**DATASET SECTION:**
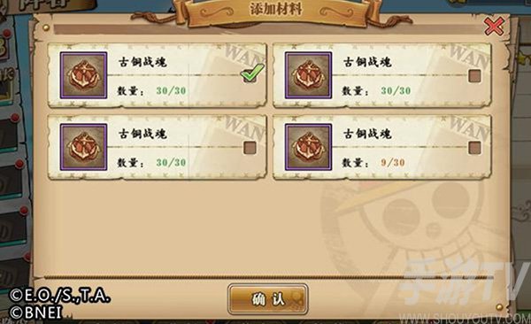 超越也是提升角色属性的重要途径之一,而超越使用的材料,就是同样的角色,或者30个角色碎片,或者30个古铜战魂!以路飞超越为例:
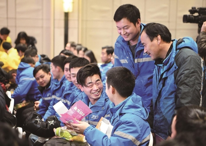 昨天,上海共青团服务快递行业青年新春集中行动举行,共青团上海市委联合各方,通过“青春上海”网上共青团平台和线下新春送温暖活动,“网罗”近10万快递小哥,送上贴心的服务和福利。本报记者孙中钦摄影报道
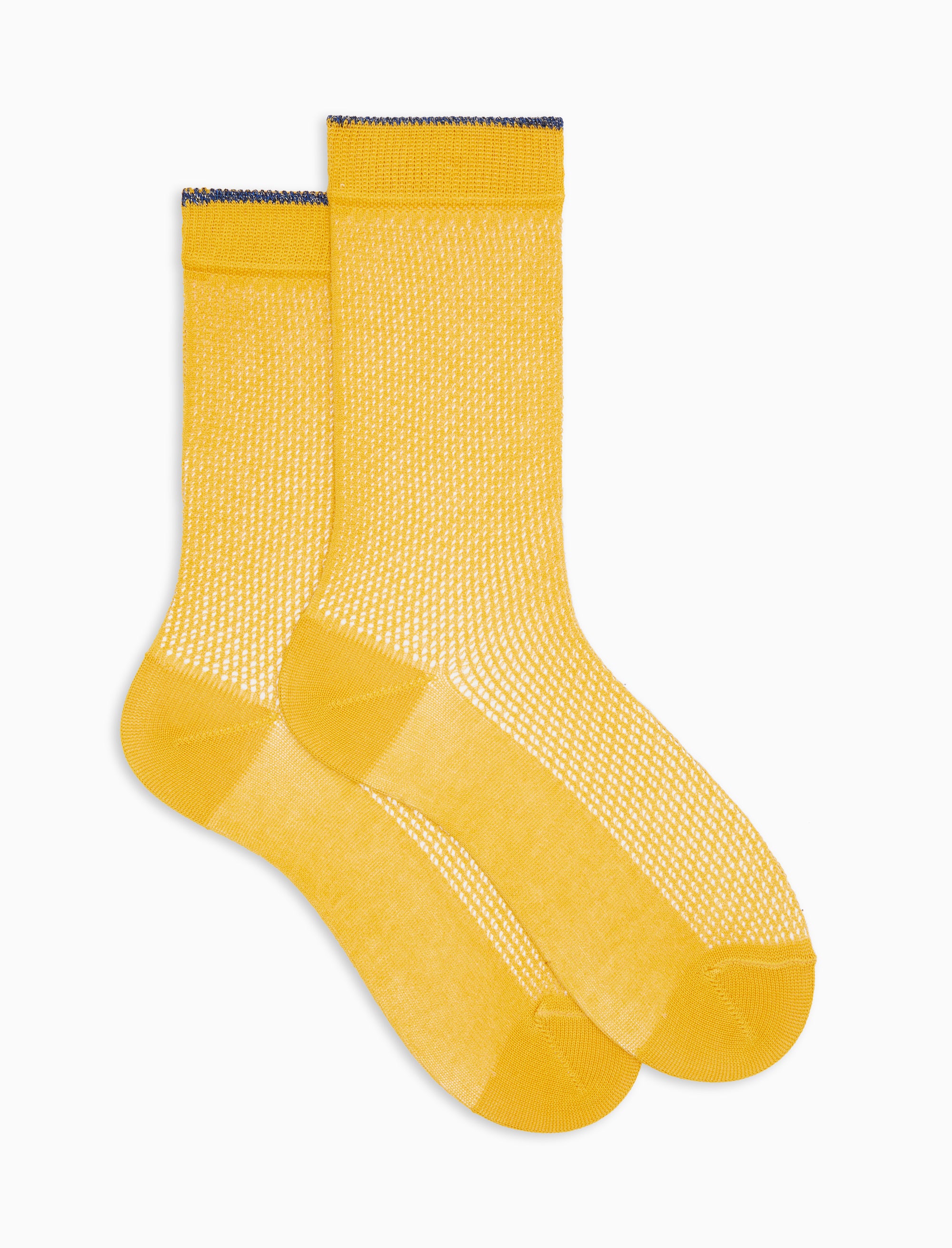 Calze corte donna cotone traforate tinta unita giallo con bordino effetto scintillante

**THE PROBLEM:**
Extract the run of lines from the line holding "昨天,上海共青团服务快递行业" through the final line of the material above, exactly and inclusively. Leave the pictures behind.

**SOLUTION TO THIS PROBLEM:**
 昨天,上海共青团服务快递行业青年新春集中行动举行,共青团上海市委联合各方,通过“青春上海”网上共青团平台和线下新春送温暖活动,“网罗”近10万快递小哥,送上贴心的服务和福利。本报记者孙中钦摄影报道
 Calze corte donna cotone traforate tinta unita giallo con bordino effetto scintillante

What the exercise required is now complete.